### What is being asked
Repeat verbatim what the listing holds, but not its pictures.
*** Opening of Exercise data ***
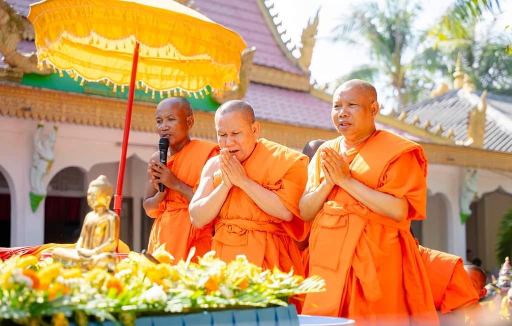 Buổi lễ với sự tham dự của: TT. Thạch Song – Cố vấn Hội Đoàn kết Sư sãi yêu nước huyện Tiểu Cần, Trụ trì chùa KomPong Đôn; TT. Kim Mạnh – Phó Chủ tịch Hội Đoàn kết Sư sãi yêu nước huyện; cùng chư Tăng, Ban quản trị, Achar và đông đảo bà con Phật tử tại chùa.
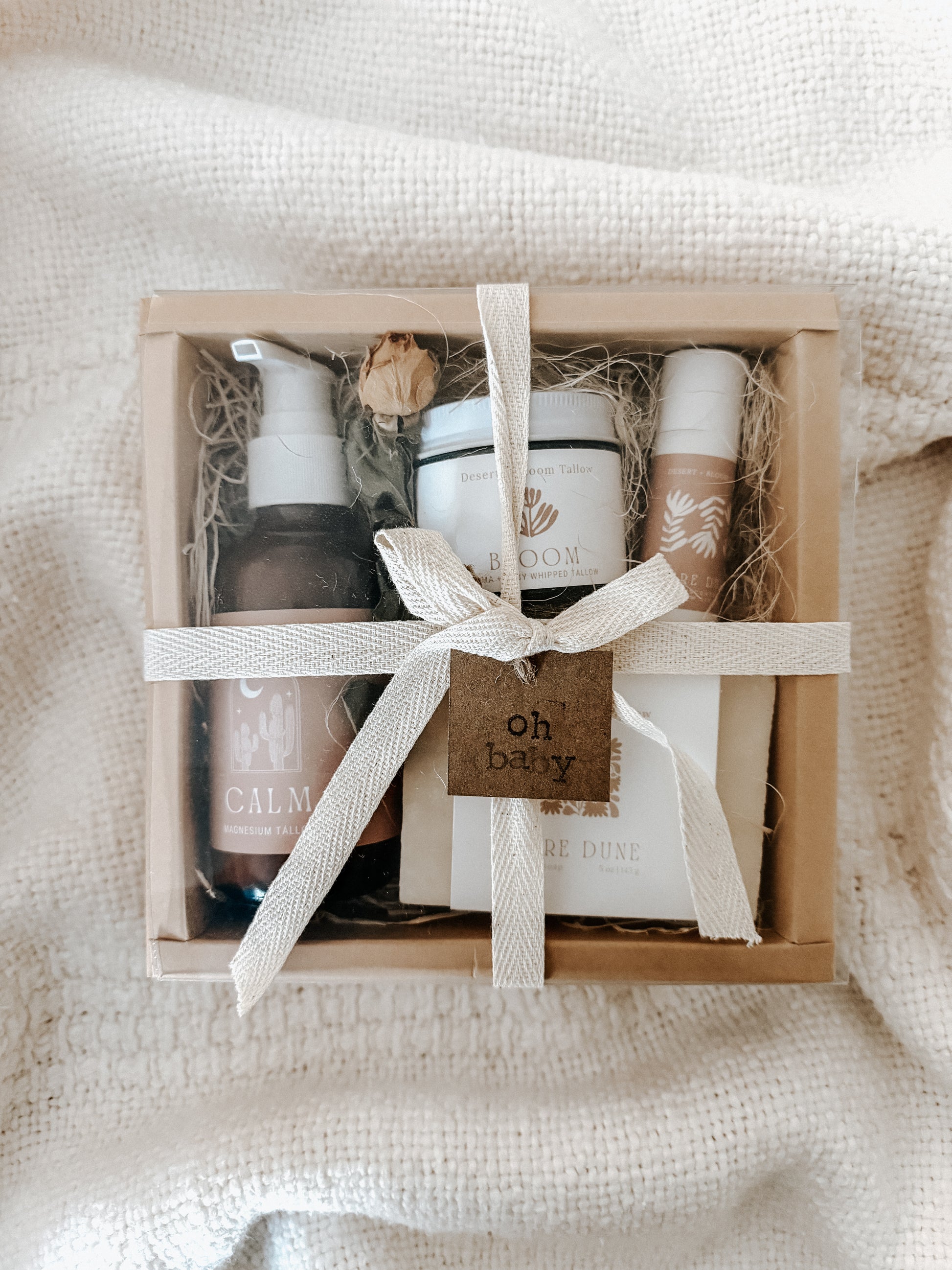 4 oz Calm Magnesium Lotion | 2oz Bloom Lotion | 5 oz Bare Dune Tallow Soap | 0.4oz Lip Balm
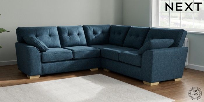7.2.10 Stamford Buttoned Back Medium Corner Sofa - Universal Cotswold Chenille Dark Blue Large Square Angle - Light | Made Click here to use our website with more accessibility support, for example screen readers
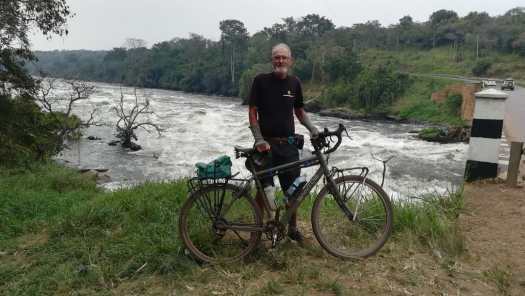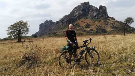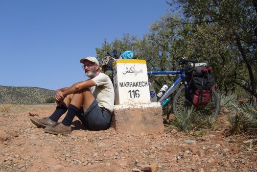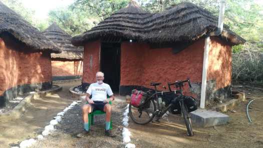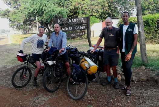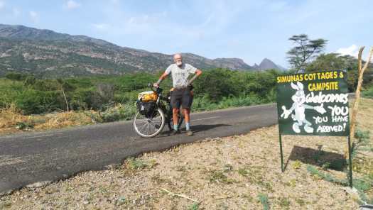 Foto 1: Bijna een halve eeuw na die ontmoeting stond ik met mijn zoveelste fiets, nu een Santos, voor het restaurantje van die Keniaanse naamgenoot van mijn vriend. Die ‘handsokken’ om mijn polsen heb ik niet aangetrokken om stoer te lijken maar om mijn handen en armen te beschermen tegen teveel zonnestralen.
*** Close of Exercise data ***
### Task result
 Buổi lễ với sự tham dự của: TT. Thạch Song – Cố vấn Hội Đoàn kết Sư sãi yêu nước huyện Tiểu Cần, Trụ trì chùa KomPong Đôn; TT. Kim Mạnh – Phó Chủ tịch Hội Đoàn kết Sư sãi yêu nước huyện; cùng chư Tăng, Ban quản trị, Achar và đông đảo bà con Phật tử tại chùa.
 4 oz Calm Magnesium Lotion | 2oz Bloom Lotion | 5 oz Bare Dune Tallow Soap | 0.4oz Lip Balm
7.2.10 Stamford Buttoned Back Medium Corner Sofa - Universal Cotswold Chenille Dark Blue Large Square Angle - Light | Made Click here to use our website with more accessibility support, for example screen readers
 Foto 1: Bijna een halve eeuw na die ontmoeting stond ik met mijn zoveelste fiets, nu een Santos, voor het restaurantje van die Keniaanse naamgenoot van mijn vriend. Die ‘handsokken’ om mijn polsen heb ik niet aangetrokken om stoer te lijken maar om mijn handen en armen te beschermen tegen teveel zonnestralen.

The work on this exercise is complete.